Meu primeiro Golem

Meu filho pediu que eu enchesse um balão. Buscou a canetinha do estojo do colégio. Desenhou um rosto e escreveu o próprio nome no balão. Ele me disse que iríamos brincar de esconder, e eu não saberia qual era o balão e qual era ele.

Ok. A primeira imagem que me veio à mente foi o “decoy” de ToeJam & Earl (aí está minha idade).

Mas, em seguida, enquanto ele brincava com o balão, fiquei pensando sobre quão básico é o conhecimento da cabala, que uma criança consegue reproduzir.

O nome é a identidade do objeto. Quando meu filho, aos cinco anos, coloca seu próprio nome em um balão, o balão assume sua identidade. Não importa a forma, as cores ou outras propriedades do objeto. Essa é a essência do objeto. E essa identificação está programada em nossos cérebros (ou nossa alma, depende do que vocês acreditam).

Golens são um assunto recorrente aqui no blog e na cabala em geral: a criação de um ser vivo através da vontade do cabalista. Mas talvez a maior dificuldade não seja fazer com que o monte de barro se torne homem, mas fazer com que o monte de barro deixe de ser um monte de barro.

Nós todos vimos aquele filme. O aprendiz chega no ateliê do mestre, carrega uma Bíblia, uma Livro das Sombras, um objeto mágico guardado com todo cuidado. O mestre dia “Eu estava procurando por isso” e usa o livro, a varinha, o escudo do Capitão América como calço de mesa. Ou peso de papel. O objeto muda de finalidade só quando a mente desconstrói a função pré-concebida.

Aquilo não é um objeto mágico. Aquilo é um peso de papel. Uma coisa que tem peso. Ou antes, só massa.

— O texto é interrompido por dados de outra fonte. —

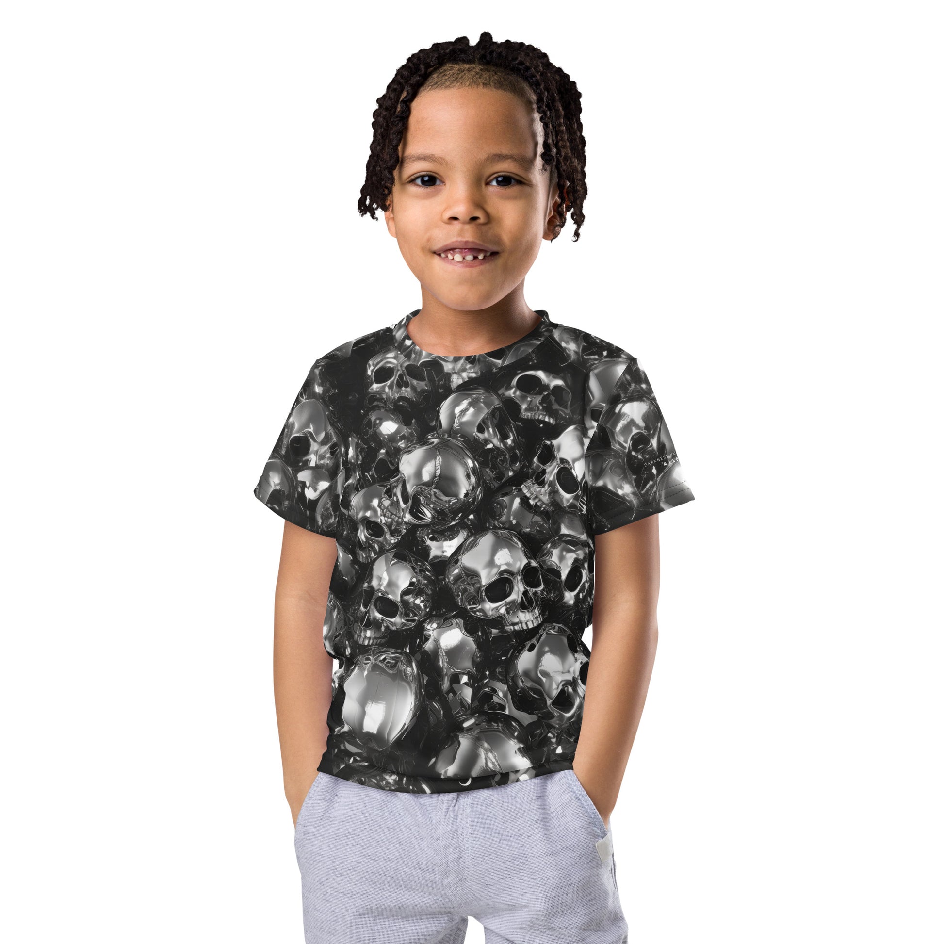 With the PILES LIGHT Kids Tee, your child is wrapped in a constellation of earthly stars, each skull a beacon in the night, guiding them through the playground cosmos with the wisdom of the ages.

Nossa capacidade de enxergar objetos pela sua forma, antes de sua finalidade, é talvez o contrário de tudo que cabala ensina. Na cabala, o objeto tem uma finalidade essencial, até primordial. A finalidade do objeto vem antes do objeto em si. O objeto nasce para cumprir aquela função. Nossa “verdadeira vontade” (maiúsculas opcionais) é enxergada como algo que existe antes de nós existirmos e que guia nossas ações para um mundo ideal.

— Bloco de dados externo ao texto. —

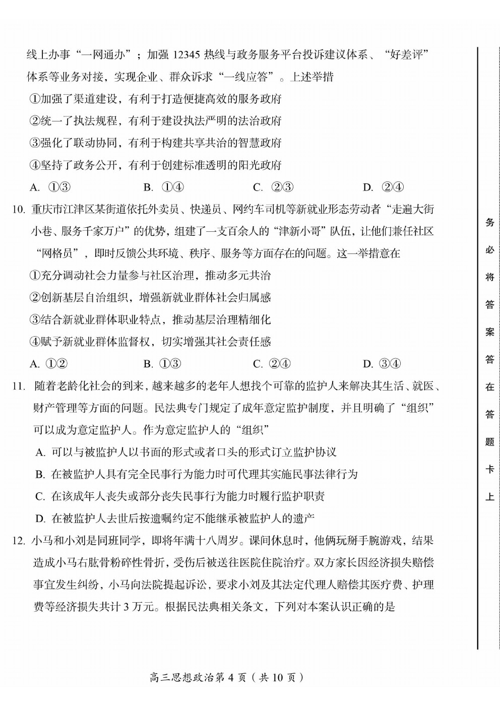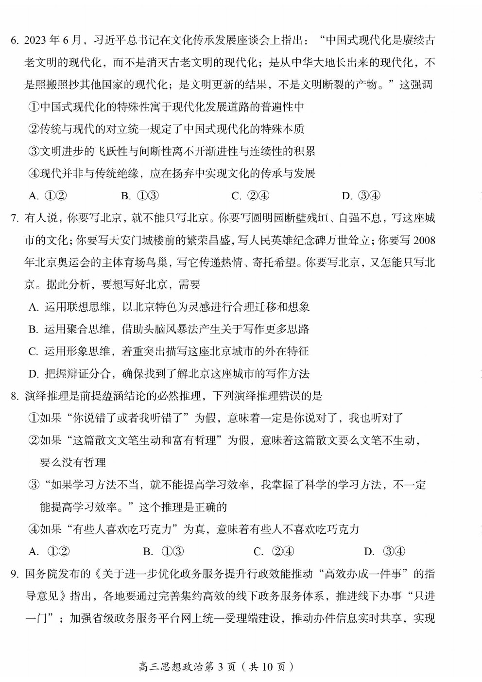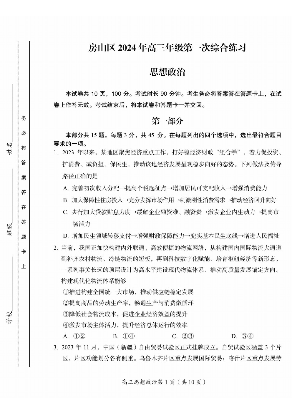 2024年北京房山区高三一模4月8日开考,admw360教研组收集并整理了北京房山区2024高三一模道法试题含答案,分享给同学们。

Mas essa função só existe quando enxergamos o todo. E por “todo” precisaríamos enxergar todo o Tempo também. Só quando terminou é que a finalidade se torna evidente. (Convenhamos que é muito fácil dizer que Van Gogh nasceu para ser pintor depois de ele ter falecido e seus quadros terem encontrado quem os valorizasse.) Mas nós não enxergamos todo o tempo. Também não enxergamos o objeto inteiro — visto que o tempo observável faz um recorte do objeto.

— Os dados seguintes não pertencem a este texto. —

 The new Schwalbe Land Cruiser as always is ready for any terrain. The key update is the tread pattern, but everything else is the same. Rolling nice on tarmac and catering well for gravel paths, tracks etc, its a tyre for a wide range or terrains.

Proponho um exercício. Descreva o objeto a sua direita sem usar nomes. Na verdade, seja o menos “objetivo” possível.

À direita do meu computador, eu tenho esse objeto feito de material reflexivo. Um pouco fosco, um pouco riscado. Desgastado. Eu o uso para voltar para casa. Pesa mais que meu relógio, mas menos que meu sapato. Sem ele eu sou um sem-teto. O material é duro, mas ele balança e se bate no meu bolso. Faz um som de estrelinhas, de campainhas mercearia, de pegadores de sonhos. É frio, mas eu esquento com o calor da mão. Posso usá-lo para riscar todo tipo de coisa, como madeira, calçada e o carro de quem estaciona bloqueando minha vaga no supermercado. Mas não risca meus dedos. Eu recebi esse objeto um pouco antes de me casar, já o troquei diversas vezes — porque quebra — mas ainda assim é, na prática, o mesmo. Porque eu sempre uso o mesmo nome para ele.

Um objeto, assim desnorteado, pode ser qualquer coisa? Pode servir para qualquer coisa?

Tenho certeza de que vocês concordam que ele agora é muito mais propenso a receber valores simbólicos ou cargas emocionais. Não é mais um objeto mas uma soma de qualidades sem nome. A palavra que eu vier a usar para nomear o objeto com certeza lhe conferirá uma importância além do substantivo profano com o qual a gente se refere a ele no dia-a-dia.

Cabala também é isso. Cabala pede um novo olhar para o mundo a todo tempo. Há finalidades essenciais, sentidos intrínsecos para a existência de todas as pessoas e todos os objetos. Mas, para encontrá-los, o cabalista precisa desver os objetos. Desver os nomes dos objetos.

A essência, afinal, não está nas superfícies.